A quick search in Wikipedia shows it was Brian Kernighan, back in 1974. I had never heard of him, so I read on on Wikipedia. Back in the 70s he worked at the famous Bell Labs. The letter K in the awk program language is from the first letter of Kernighan. He turned the original "unics" spelling into "unix." He worked on graph partitioning and the Travelling Salesman. And he did lots of other important IT work.
That certainly sheds a different light on Hello World!
However, I understand that it was quite an astonishing achievement to come up with the Hello World! program in 1974. But anno 2012, haven't we been able to come up with anything better? Open any IT book, and you are likely to find Hello World! somewhere in it. Nearly 40 years later, shouldn't we at least upgrade the semantics to Hello, Honourable Reader!?
Monday, January 09, 2012
Those who provide data make this available through (web) services, generally not taking care of the business needs of the consumers. And why should they? It's their data, they know everything about it, and they keep it consistent. They are the "authentic source" of the data. There role is to focus on their data, not others' business.
Those who consume data need data within a specific context, often unique to their business. It is quite complex for them to connect to the providers's (web) services. Those services often give much more data than the individual consumers need and often consist of complex data models, described by complex XML schemas.

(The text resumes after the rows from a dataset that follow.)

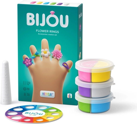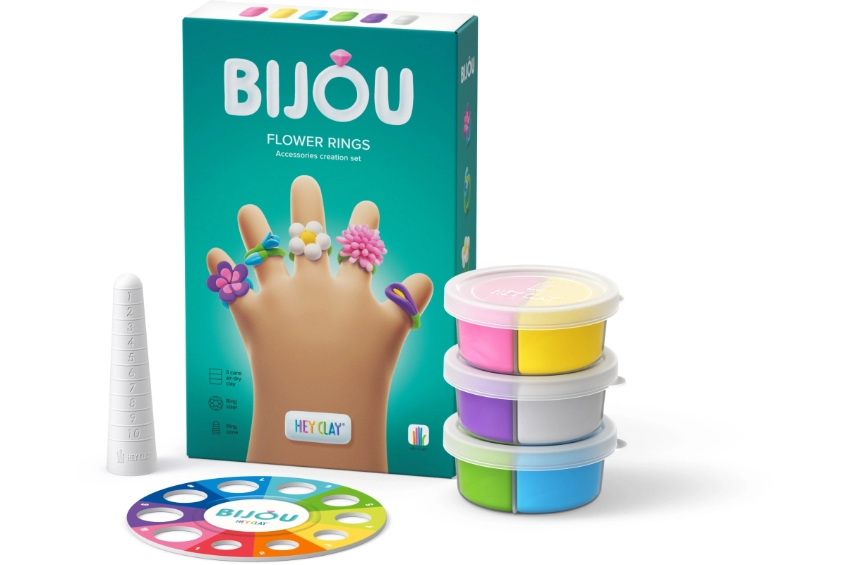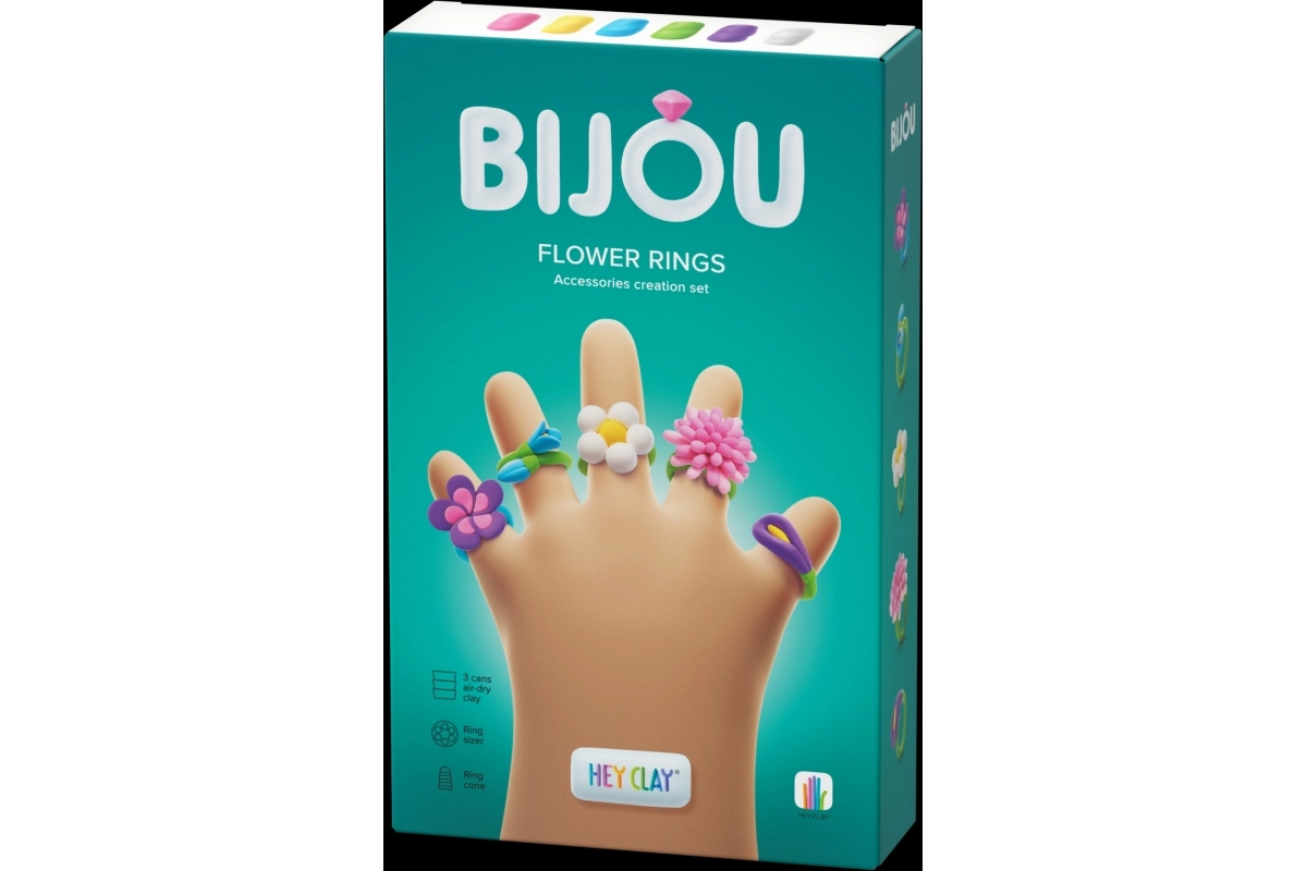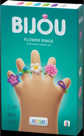 Otkrijte razigran put do vlastitog nakita. Set HEY CLAY Bijou cvjetni prsteni nudi sve što je djeci potrebno za osmišljavanje i izradu nježnih cvjetnih prstena. Zahvaljujući mekanoj i laganoj modelirajućoj masi, s materijalom se lako radi, a gotovi ukrasi nakon stvrdnjavanja zadržavaju oblik.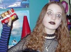 -Directions-1. Gypsy Eyes Courtesy Crayola: You'll need Crayola Gillter Glue A cheap little gem spirit glue, crazy glue, liquid latex, etc.(optional) pixie dust(optional) eyeliner, eye shadow, mascara, etc. a. Apply your eye liner, eye shadow, mascara, etc. however you want. b. Choose a color of Crayola Glitter Glue you like best. DON'T squeeze very hard, only a small amount of pressure is needed. Be VERY CAREFUL not to get it in your eyes. Dab little dots about your eyebrow. You can also squeeze some glue onto a paper plate and take a cuticle stick, tooth pick, small paint brush, etc. to dab the dots on. c. Rub a small amount of pixie dust were you plan on the putting the gem. d. Choose the gem want to use, you can either apply this to your face with spirit glue, crazy glue, liquid latex, eyelash glue, etc. or you can use a small dab of the glitter glue on the back of the gem. The glitter glue does not last as long as the other mentioned products, but it works for a few hours. 2. Blood Widow You'll need Black eyeliner(liquid or pencil) Red lip or eye liner(liquid or pencil) Manic Panic Glamour Eyes in Starry Night Eyelash adhesive small spider gem a.line your eyes with a thin layer of black liner, add a thicker layer just about that of red liner, add another small line of black again. b. apply Glamour Strip c. apply spider in desired spot. 3. My "sad goth" make-up You'll need Light colored eye shadow, black eyeliner small tear shaped gem adhesive mascara q tips water hair spray A frown a. apply the light colored shadow to the crease of your eye. b. apply a thick layer of black eyeliner(both over and under eye) c. apply mascara d. draw line down from center or eye, thicken, make gaps or bumps in line. e. take wet q tip and roll over bottom of eye eyeliner and the line from the bottom of your eye. Redraw, rewet, etc. f. dampen another q tip with hair spray and roll it over the design to ensure it sticks. g. apply gen wherever you please. 4. Untitled You'll need Crayola Gillter Glue eyeliner silver eye shadow a. apply silver eye shadow a little about the drease, tapered off at the out side of your eye. b. apply eyeliner, sort of in cat style makeup. c. under left eye dab three dots of crayola glitter glue, useing either a small brush, a toothpick, or gently squeezing the bottle. d. above your right brow dab three similar dots of glitter glue. e. above dots draw a line, about as long as your brow of glitter glue. Now go out and scare the hell out of a complete stranger! jagged_lil_loser | |||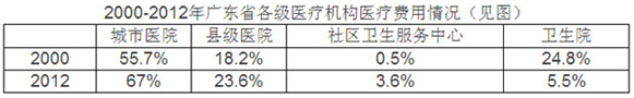 习总书记最近考察了浙江省镇江市的基层医疗机构,发出了一段感叹,语言简单,寓意非常。他说:“人民群众对医疗服务均等化愿望十分迫切。像大城市的一些大医院,始终处于‘战时状态’,人满为患,要切实解决好这个问题。”我们也注意到:北京急诊量近10年增加了4~5倍。可是北京真的有这么多人需要急诊吗?专家认为,7成患者非要急诊。再看看我国2011年卫生费用的流向,其中城市医院占40%,县医院占13%,卫生院占6%,社区卫生服务中心占3%。可见,医疗卫生资源利用和患者就医向高级医疗机构集中的状况尚未得到根本改变。或许广东12年来医疗费用的变化可以回答习总书记提出的问题:

In the middle between providers and consumers should be a mediator. The mediator is the glue between the consumers' needs and the providers' offering. The mediator should look both left and right: it should implement both consumer-driven and data-driven approaches to mediation. The technical implementation can be done using a service bus, but mediation is more than just a technical issue.
Data-driven mediation is a bottom-up approach. Some characteristics:
- Consumers are tightly coupled to providers: service life cycles, data models, ...
- Any change in a provider service involves complex governance of both mediator and all consumers
- Each consumer must interpret the data and assemble it correctly before it can be used in the business; the provider's data model is captured by the consumer
- The role of the mediator is limited: just expose the same interface as the service provider; only some technical advantages of a common security model, common logging and auditing, etc.; no added business value
- Consumers are loosely coupled to providers: consumer service life cycles and data models do not depend on those offered by the provider
- A change in a provider service does not automatically imply a change at the consumer's side, which simplifies governance
- The mediator interprets the provider's data and transforms it into the business domain language; the provider's data model is shielded from the consumer; there is an abstraction made by the mediator
- The role of the mediator is extensive: it is the glue between the data service providers and the business consumers
But if you start re-using services, governance start to take over the budget. Changes will occur, and will propagate to everywhere. The governance nightmare starts, and the maintenance costs of the SOA will rise.
So, if the goal of mediation is to expose reusable services, then it does make sense to make the initial investment and to go for consumer-driven mediation. The mediator becomes an important part of the IT integration landscape, and its role should not be underestimated.